When I return to InDesign, I can see that the image has been automatically updated. This is very cool!


inDesign: It's Not Hard; It's Tedious

Besides going shopping at the local food co-op, I spent the day moving text and files to a new inDesign template. My reason for moving everything? The reason is that I screwed up the margins in my first template so badly that I couldn’t figure out how to straighten them out. I spent an hour cursing inDesign, even though I secretly knew that I created the problem myself. In the end I decided to create a new book template with the correct margins and pour all of the text and images into it.

That was a great idea, but I couldn’t find a way to “pour” one file into another like old wine into a new bottle. When I admitted to myself that my knowledge of inDesign was minimal, I started copying one object at a time from the original messed up document to the new template. This method works, but it’s slow. That’s me all over: working, but slow.

Here’s dusk as I sometimes see it from my backyard.

inDesign Transparent Text Boxes to the Rescue

I want some of my children’s picture book images to fill the 8x8-inch page.

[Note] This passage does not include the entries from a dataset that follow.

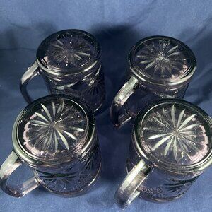 Discover this set of 4 Vintage Cristal D'Arques Purple Amethyst Glasses, featuring a stunning pressed glass pattern with intricate facets. These handled collectible pieces offer a decorative touch, perfect for adding a touch of vintage elegance to your drinkware collection or special occasions. Their rich amethyst hue brings a unique aesthetic to any setting.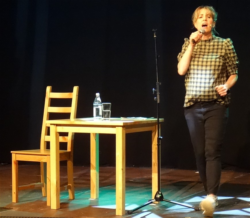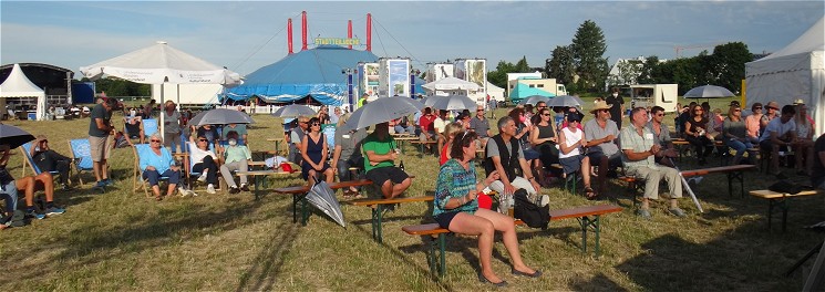 Den Abschluss des Festivals gestaltete dann Nora "Nörle" Boeckler mit einer witzigen Abrechnung über so manche Gepflogenheiten und Abartigkeiten in unserer Gesellschaft. Zwischendurch trommelte der Regen so stark aufs Zeltdach, dass der Mann am Mischpult aufdrehen musste. Aber: das Publikum blieb trocken!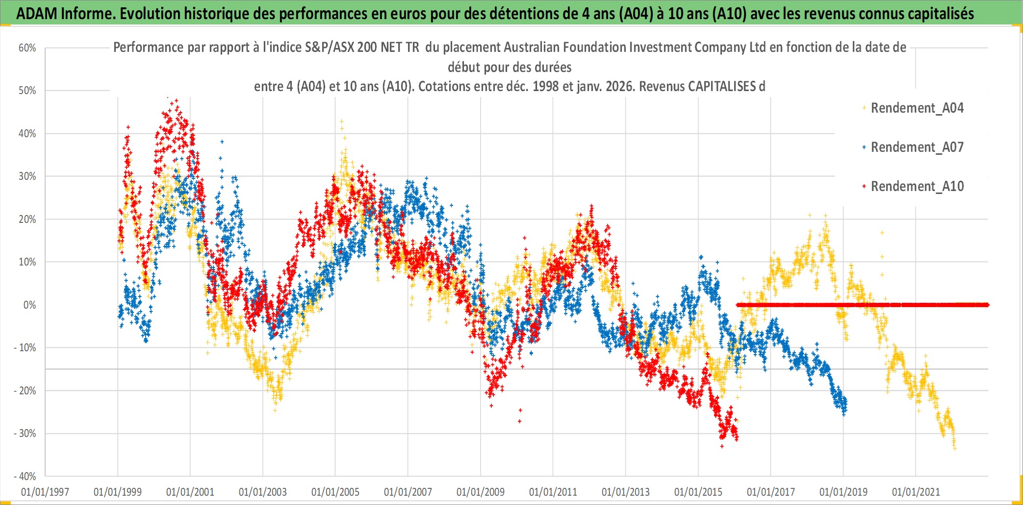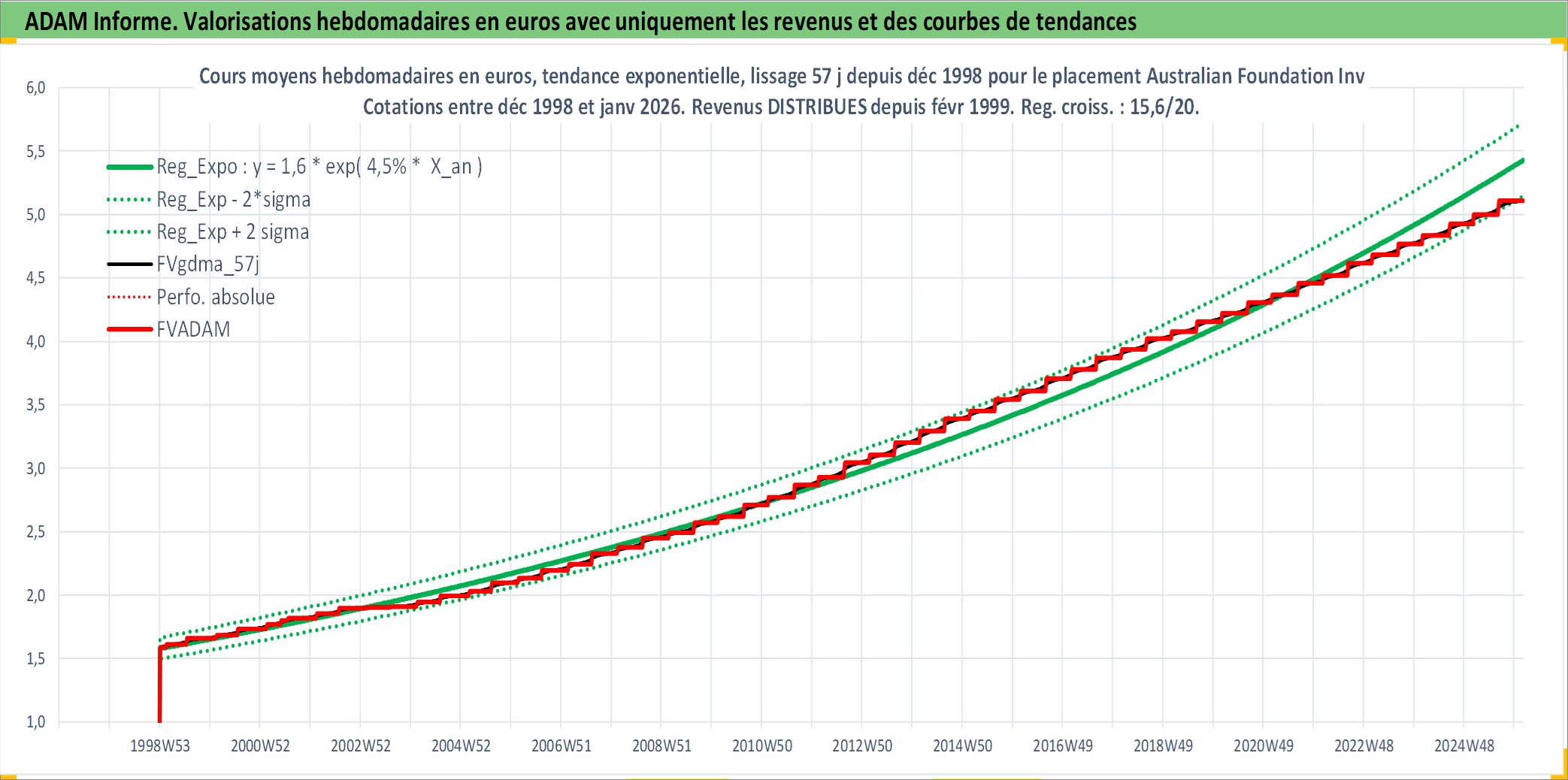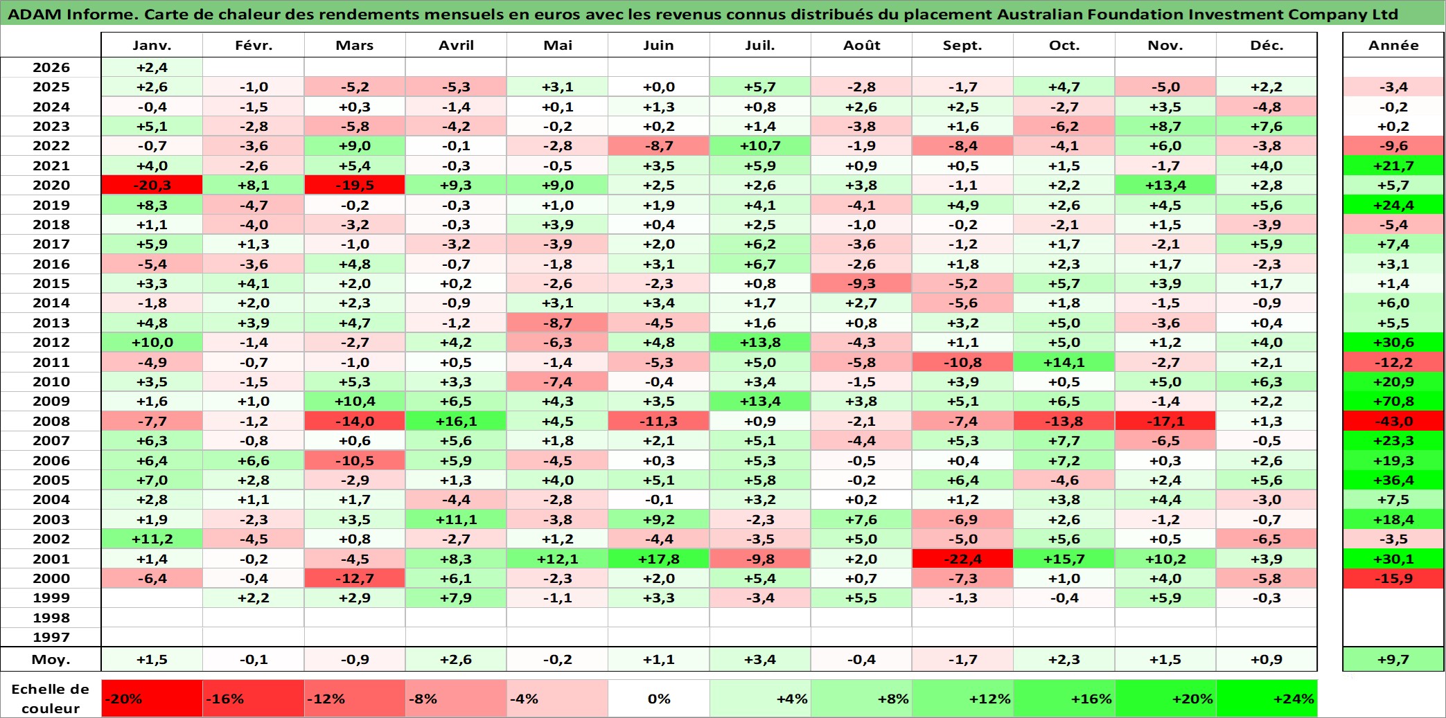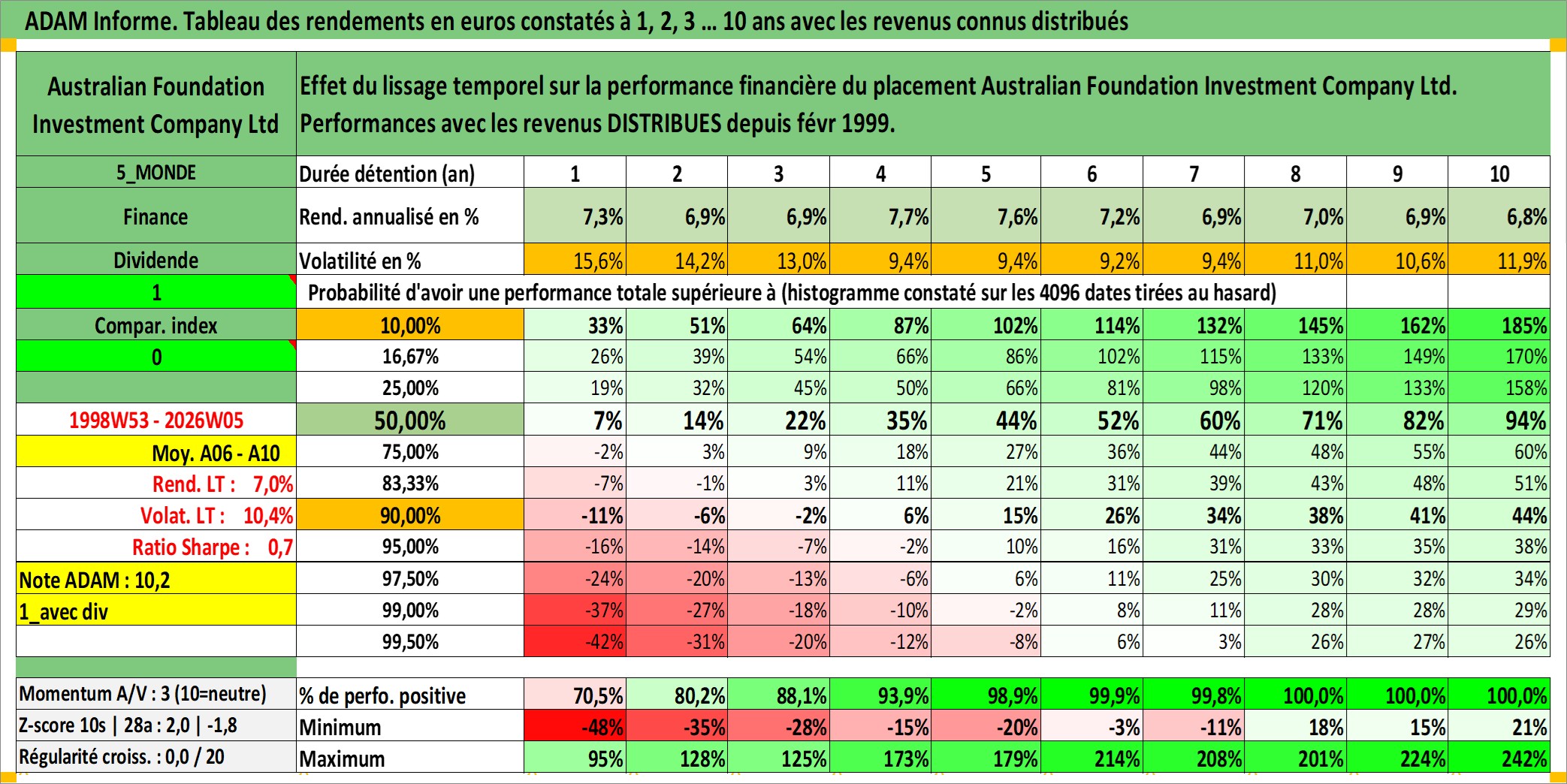 Site dédié aux investisseursPage dédiée sur site financeAnalyse des valorisations hebdomadaires de l'action Australian Foundation Investment Company Ltd. Cet actif est cote en AUD. Les valorisations sont en contrevaleur EURO et couvrent les semaines 1998W53 a 2026W05. Les revenus de cet actif financier sont pris en compte depuis la semaine 1999W07. La note ESG de cet actif n'est pas connue.

My problem is that I didn’t take into account that I would be putting text over the images and now I have to squeeze the text in somehow. I’ve tried to make the text readable on dark backgrounds by giving the the characters a 6-pixel white stroke, but it looks really amateurish. Today I read enough of the inDesign documentation to learn how to set a paragraph’s background color, and how to outline the paragraph with a stroke. By setting the background transparency to about 80% I can place the text frame into most images without obscuring important details. A one-pixel black stroke keeps the white background from bleeding into any light areas in the image.

To set the inset (padding) for the paragraph, select the text frame using Command-B* to open the Text Frame Options box. I using an inset of 0p8 (8 points). In the Paragraph Properties box I’m choosing the beveled corners and a black stroke.

What the page looks like in inDesign.

In the exported PDF, everything beyond the trim line has been removed. There’s a .25 inch margin on the left (inner) margin where the page will be attached to the spine. I think this looks good, better than putting a heavy white stroke on the text.

What the page looks like in the exported PDF. The .25 inch margin shows up on the left.

What the page looks like in the exported PDF. The .25 inch margin shows up on the left.

  • The Mac “command” key is the equivalent of the Windows “control” key.

PDFs Formatted for Ingramspark Print Books Don't Work for eBooks

For print books, Ingramspark requires a .25-inch margin on the inside of the page where it’s attached to the spine. As an experiment I imported the print PDF into Kindle Create to get an idea of how the images are being exported. As expected, the portion of the image in the bleed area was removed. The inner margin, however, was not removed. When I eventually create the PDF for the eBook version, I’ll change inDesign settings to remove that margin.